Giving Up the “One Leader in a Room” Mindset
Do you head up a leadership team in which you feel like you’re doing most of the heavy lifting? If so, you may be suffering from the “one leader in a room” mindset.
As the name implies, when you operate from the “one leader in a room” mindset, you believe there can be only one leader in the room – or on the team – at a time: the formal team leader. If the formal leader is you, you alone are responsible for all of the team’s leadership tasks, including identifying the team’s direction and key goals, leading team meetings, and managing challenging work relationships among team members.
When you operate in this mode, you feel like you and your team members are in the same boat. Yet you alone are the boat’s designer, captain, and navigator, while the rest of the crew shows up to row. At some point on the journey you wonder, “Why aren’t they doing more?”
Apart from your frustration, what other results does this mindset produce?
Answer: less team commitment and lower accountability.
- When your direct reports see you as the sole leader on the team, they see the team as your team, not their team.
- Because you’re the one generating solutions, they have less ownership of the solutions.
- Because you’re the one resolving conflicts among team members, the team members don’t have to take accountability for their own actions and work relationships.
- Because you’re the central leader in all of these situations, you reinforce the idea that other team members need only play a support role. Their focus will be on accountability to you, not to the team.
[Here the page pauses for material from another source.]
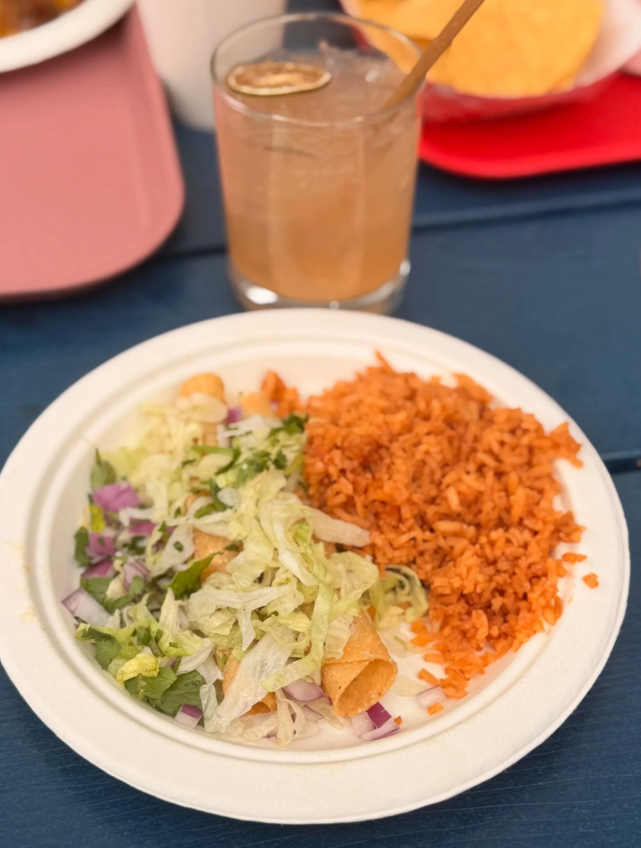 I ordered the vegan Rollies, which are rolled taco shells stuffed with potato, topped with lettuce and cilantro. They came with a side of rice, and I added a mezcal paloma because, honestly, it felt like the only correct choice for a Tucson evening.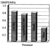 图5给出了几种处理器的性能对比图。显然三种32位处理器的性能比指令集为16位的准32位Nios处理器高出很多。在三种32位处理器中,LEON2的性能最好为0.82,但其相应的所耗的资源也最多。和LEON2相比,OpenRISC1200的性能稍差为0.75,但其所占用的逻辑单元也较少。Nios处理器的测试性能可达0.80,而且其所消耗的逻辑单元仅为LEON2的57%。这是由于Nios针对Cyclone器件进行过专门的优化,导致了Nios在Cyclone器件上的出色表现。为了使比较更加全面和深入,我们还对评测系统进行了ASIC平台上的对比。由于NiosII并不提供源代码,仅针对Altera的FPGA器件是免费的,因此我们仅对比了LEON2和OpenRISC1200两种完全开放性内核。我们使用中芯国际(SMIC)的RapidCompiler完成Registerfile中所需的双口SRAM和Cache模块所需的单口SRAM的设计,并使用Synopsys公司DesignCompiler和SMIC的0.18Lm的标准单元库完成了两种内核RTL代码的综合和优化。相当占用了152904个门单元,最差条件下的最高频率为160MHz。OpenRISC1200共使用了148455个门单元,最差条件下的最高频率为125MHz。显然LEON2的运行频率更高,但其所占的面积也相对更大。

If you’re in this “one leader in a room” situation, you may take on more and more of the team’s leadership to compensate for the reluctance of your direct reports to assume leadership roles. Or you may decide to pull back on your leadership, waiting to see if team members step in to fill the vacuum. Both responses exacerbate accountability and commitment problems.
The “one leader in a room” mindset not only leaves you exhausted and the team alienated, it limits the range of potential results for the team and underutilizes team members’ capabilities. Sharing leadership involves having different team members take primary responsibility for captaining and navigating the ship at times, and involves everyone in reacting to storms and shoals and in finding new routes and upgrading technologies for powering the ship beyond rowing.
If you want greater team commitment and accountability, raise the issue with your team. Describe your interest in having a team in which each member shares in the team’s leadership. Describe what you want that to look like and how you think it would create better results for the team. Contrast that picture with how you see the team currently functioning. Then get curious: what are their reactions? Are they interested in taking on leadership roles? Are they interested the results you described? How do they see sharing team leadership contributing to results? How do they see the team currently functioning? What would need to happen for them to take on the shared commitment and accountability you want to see?
When you raise this with the team, you get to the heart of one of the issues that contributes to lower team performance. And you take an important step toward creating the team you need.